As for the Storm model of investment advice, which Mr and Mrs Cassimatis developed, in broad summary it involved the concept of borrowing to invest more than the investors would otherwise be prepared to do, for a period (or investment time horizon) of 5 years or longer. The strategy was described by one witness as “double gearing” and involved the investors (i) borrowing against the security of their homes; (ii) obtaining a margin loan; and (iii) using the funds from these loans to invest in index funds, establishing a cash reserve, and paying Storm’s fees.
ASIC further pleaded that in causing or permitting advice to be provided in a manner which caused Storm to contravene the Corporations Act, Mr and Mrs Cassimatis exposed Storm to a foreseeable risk of harm greater than that to which a reasonable director, acting with the required degree of care and diligence, would permit Storm to be exposed.
Edelman J observed that the dominant test for the content of the duty in s 180(1) is the decision of Ipp J in Vrisakis v Australian Securities and Investments Commission (1993) 9 WAR 395, where his Honour stated (at 450) that (underline added):
“the mere fact that a director participates in conduct that carries with it a foreseeable risk of harm to the interests of the company will not necessarily mean that he has failed to exercise a reasonable degree of care and diligence in the discharge of his duties. … the question whether a director has exercised a reasonable degree of care and diligence can only be answered by balancing the foreseeable risk of harm against the potential benefits that could reasonably have been expected to accrue to the company from the conduct in question.”

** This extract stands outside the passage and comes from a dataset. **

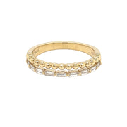 18kt yellow gold single prong set baguette diamond and beaded 2-row band.

Another crucial matter to be considered in the “balancing” exercise is the burden (i.e. expense, difficulty and/or inconvenience) of alleviating action.

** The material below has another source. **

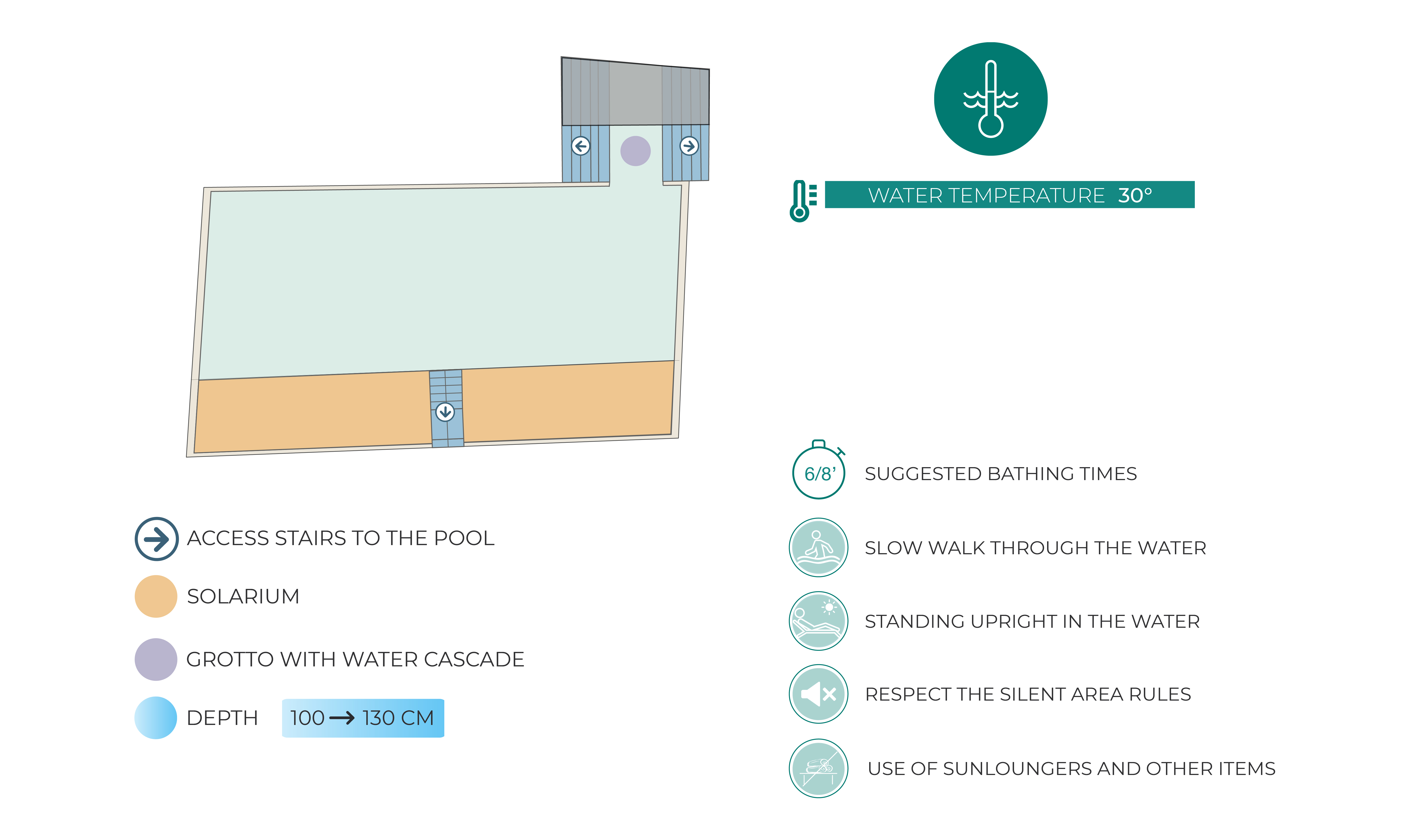 The water temperature is 30 degrees. The pool is surrounded by sun beds and umbrellas and, to its side, there is a small waterfall.

Edelman J further observed (at [483], [540]) that “the foreseeable risk of harm to the corporation which falls to be considered in s 180(1) is not confined to financial harm. It includes harm to all the interests of the corporation. The interests of the corporation, including its reputation, include its interests which relate to compliance with the law”, and the risks of exposure to sanctions from breach of the law (including non-pecuniary).

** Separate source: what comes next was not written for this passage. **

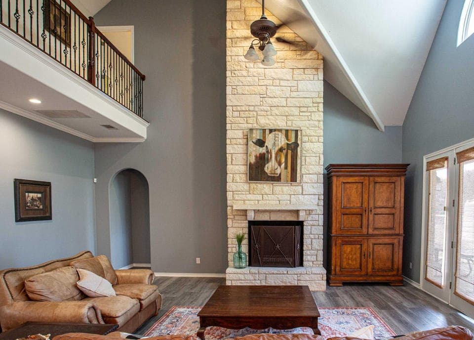 Offering a garden, Lakefront 6BR Retreat w Dock & Game Room provides accommodations in Buchanan Dam. Both free Wifi and parking on-site are available at the vacation home free of charge.

Edelman J also noted (at [492]) that that although the duty (of care and diligence) remains the same, the standard of care that a director or officer must meet “will depend upon the corporation’s circumstances and the officer’s position and responsibilities including his or her status as an executive or not”. His Honour referred to Shafron v Australian Securities and Investments Commission (2012) 247 CLR 465 where the High Court of Australia said (at 476 [18]), in relation to the element identified in para (b), that “the responsibilities referred to in s 180(1) are not confined to statutory responsibilities; they include whatever responsibilities the officer concerned had within the corporation, regardless of how or why those responsibilities came to be imposed on that officer”. It is for this reason that non-executive directors are not subject to the same (higher) standard as executive directors.
Mr and Mrs Cassimatis submitted that s 180(1) does not apply where the directors are the sole shareholders of a solvent company; or, more specifically, that “there is nothing per se illegal in a director of a solvent company causing or permitting a company to pursue a venture, no matter how risky or even foolhardy”, if this is authorised by the shareholders. That submission was rejected by Edelman J for a number of reasons, including that it had no support in the text of s 180(1). Edelman J concluded at [523] that “the interests of the corporation includes the interests of the shareholders. Hence, where the shareholders acquiesce to a course of conduct then that acquiescence might affect the practical content of the duty. But the acquiescence does not eliminate or relieve the duty where there are other relevant interests of the corporation apart from the interests of the shareholders”.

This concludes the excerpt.